▶ **Problem to work on**
In the records below, repeat word for word only the lines starting at the one that contains "A causare il" and ending at the one that contains "Leviton 2756, Flanged", pictures excluded.

▶ **Provided entries**
——————
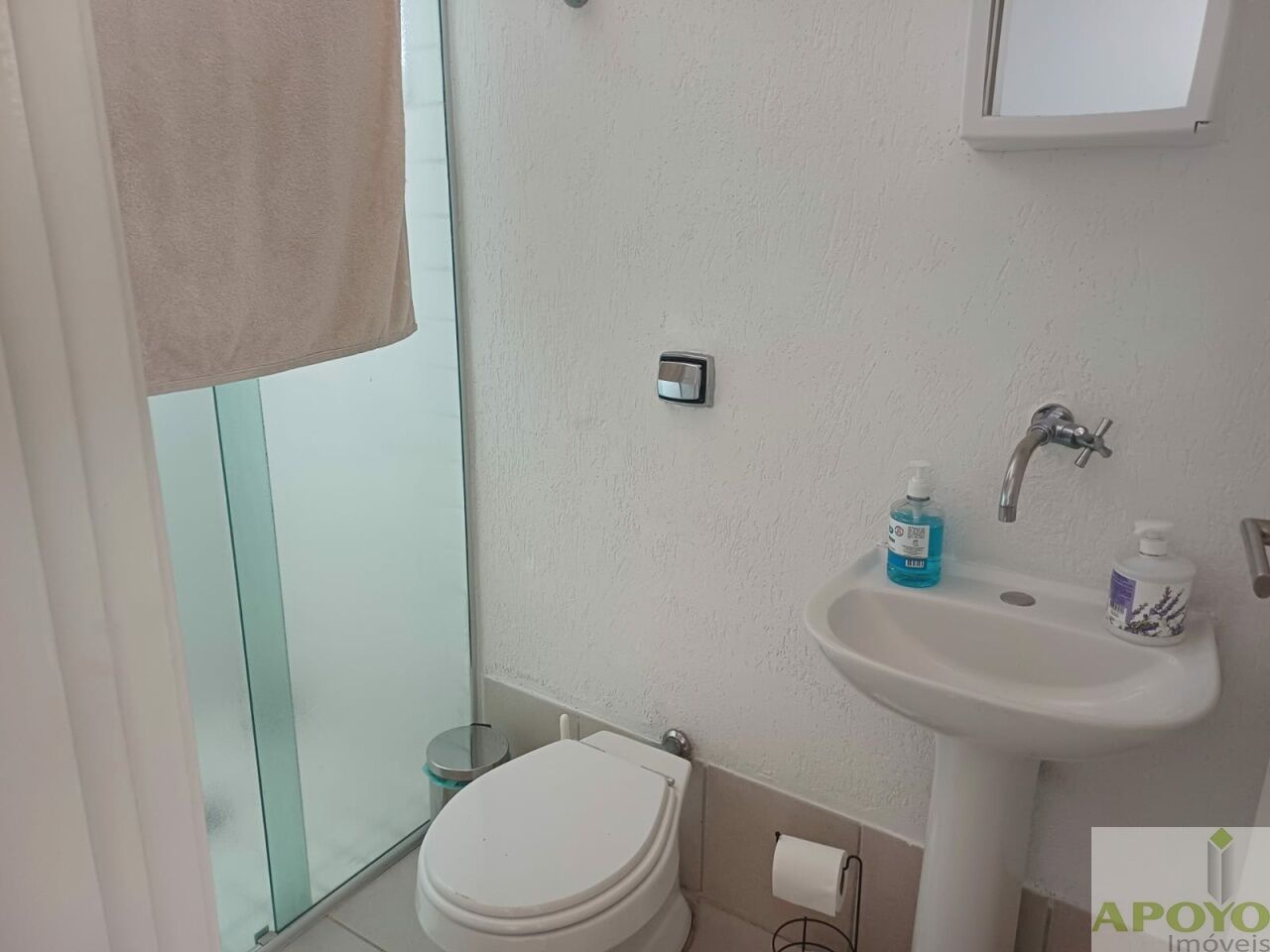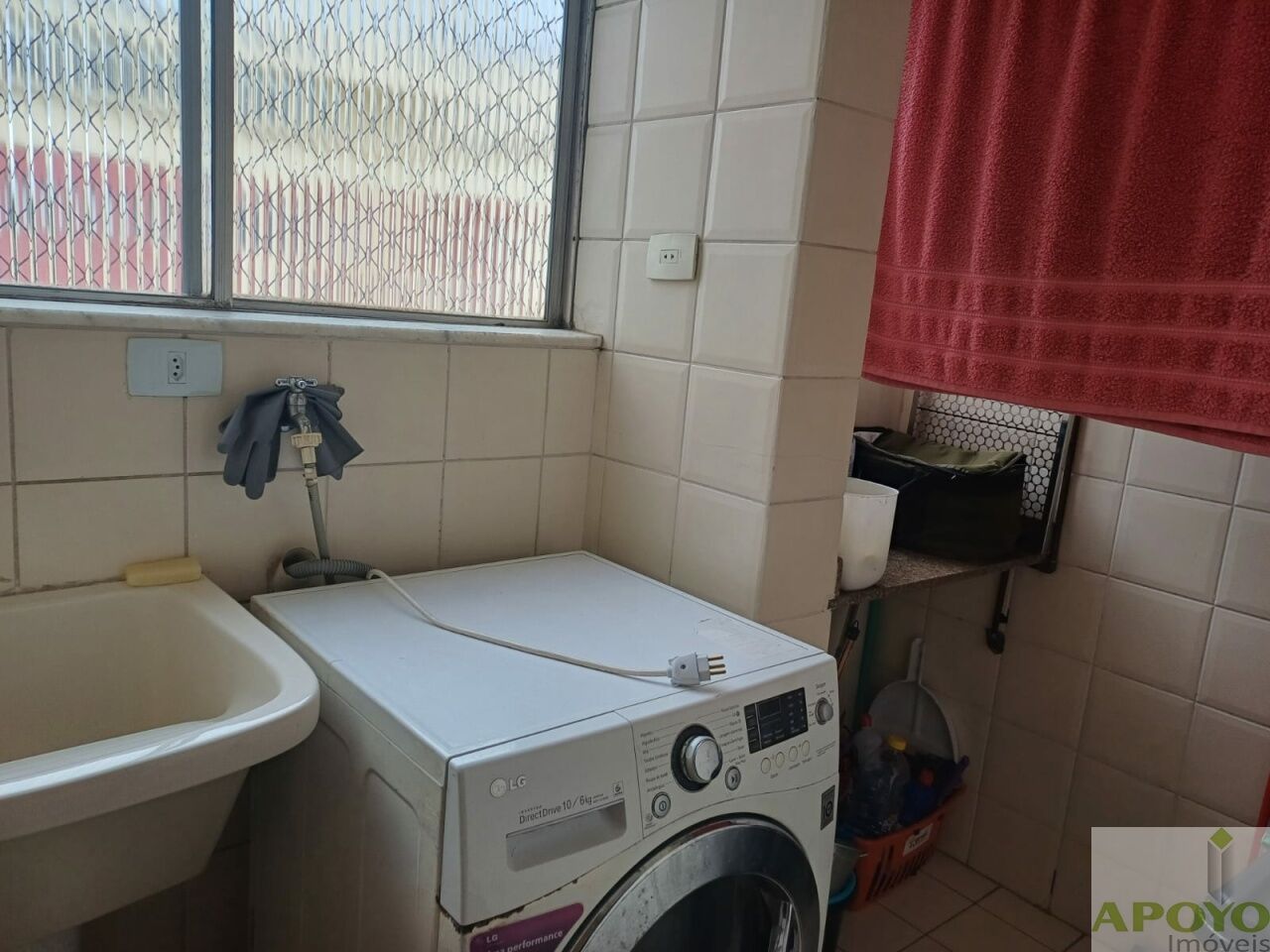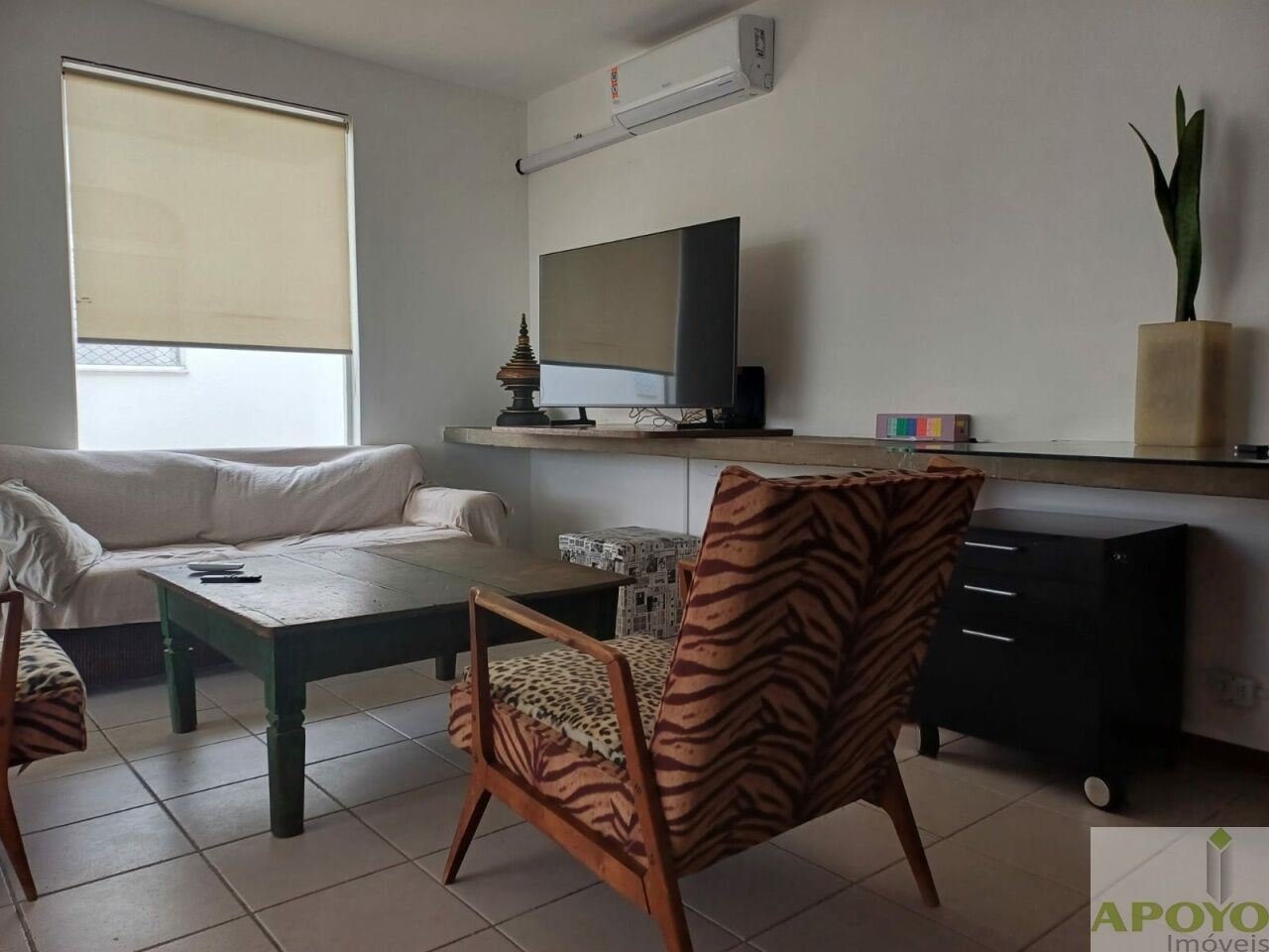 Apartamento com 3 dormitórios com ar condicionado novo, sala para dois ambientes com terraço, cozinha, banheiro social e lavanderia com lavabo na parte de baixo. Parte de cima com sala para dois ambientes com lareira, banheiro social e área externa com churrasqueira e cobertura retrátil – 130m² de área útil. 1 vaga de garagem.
——————
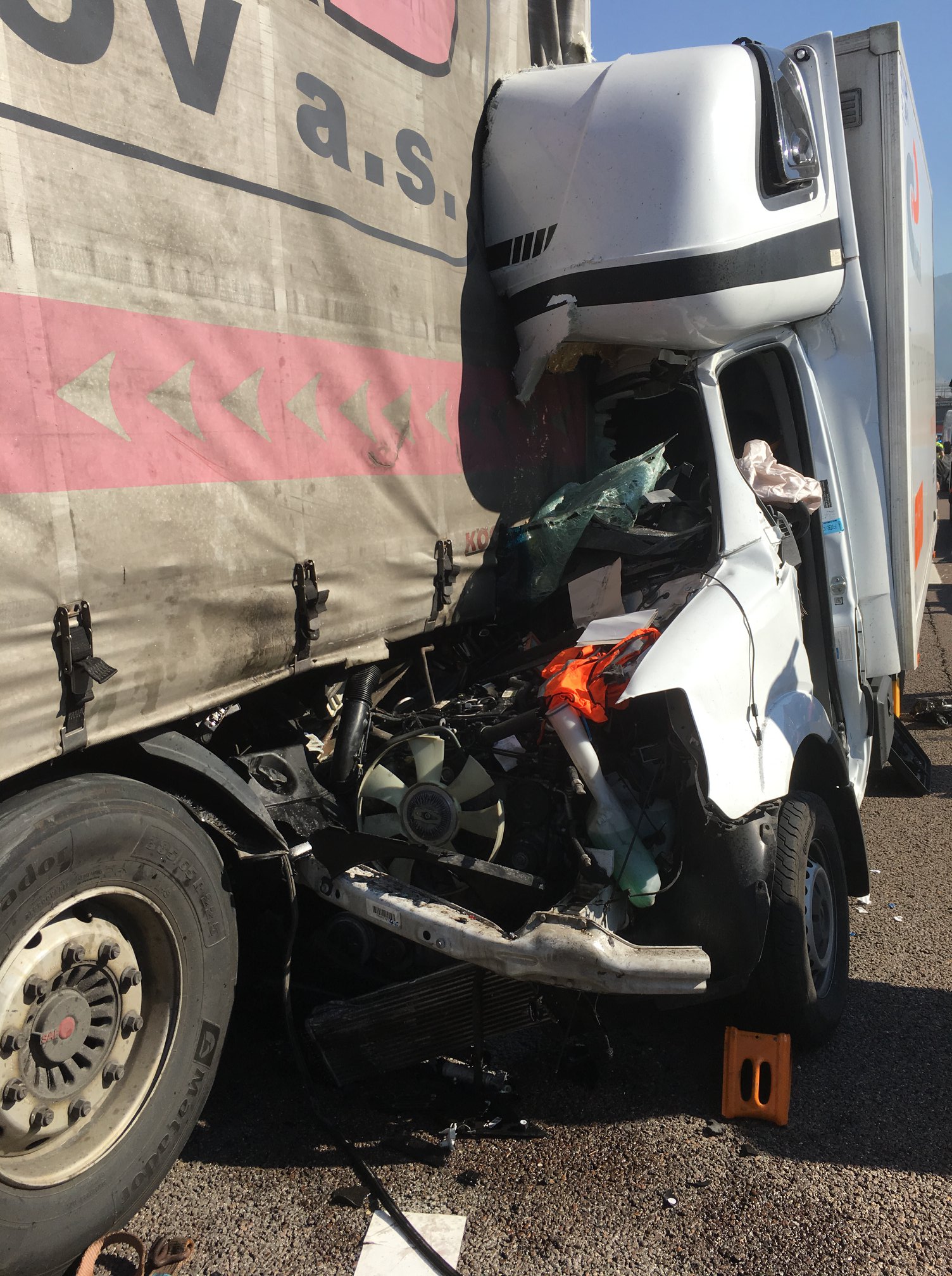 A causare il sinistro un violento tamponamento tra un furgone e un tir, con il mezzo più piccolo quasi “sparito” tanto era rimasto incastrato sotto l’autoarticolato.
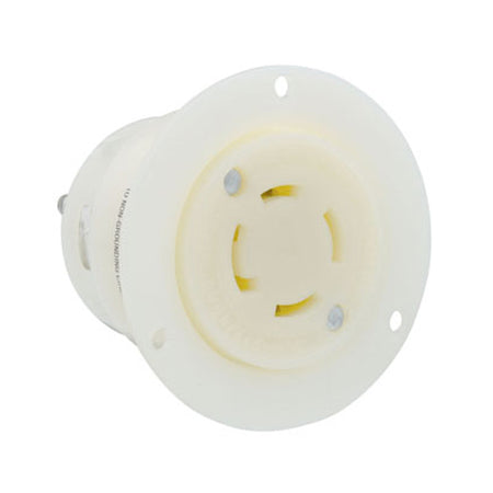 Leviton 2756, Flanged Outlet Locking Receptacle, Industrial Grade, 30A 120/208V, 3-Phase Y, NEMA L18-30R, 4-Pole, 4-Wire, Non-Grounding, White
——————
▶ **Exercise solution**
 A causare il sinistro un violento tamponamento tra un furgone e un tir, con il mezzo più piccolo quasi “sparito” tanto era rimasto incastrato sotto l’autoarticolato.
 Leviton 2756, Flanged Outlet Locking Receptacle, Industrial Grade, 30A 120/208V, 3-Phase Y, NEMA L18-30R, 4-Pole, 4-Wire, Non-Grounding, White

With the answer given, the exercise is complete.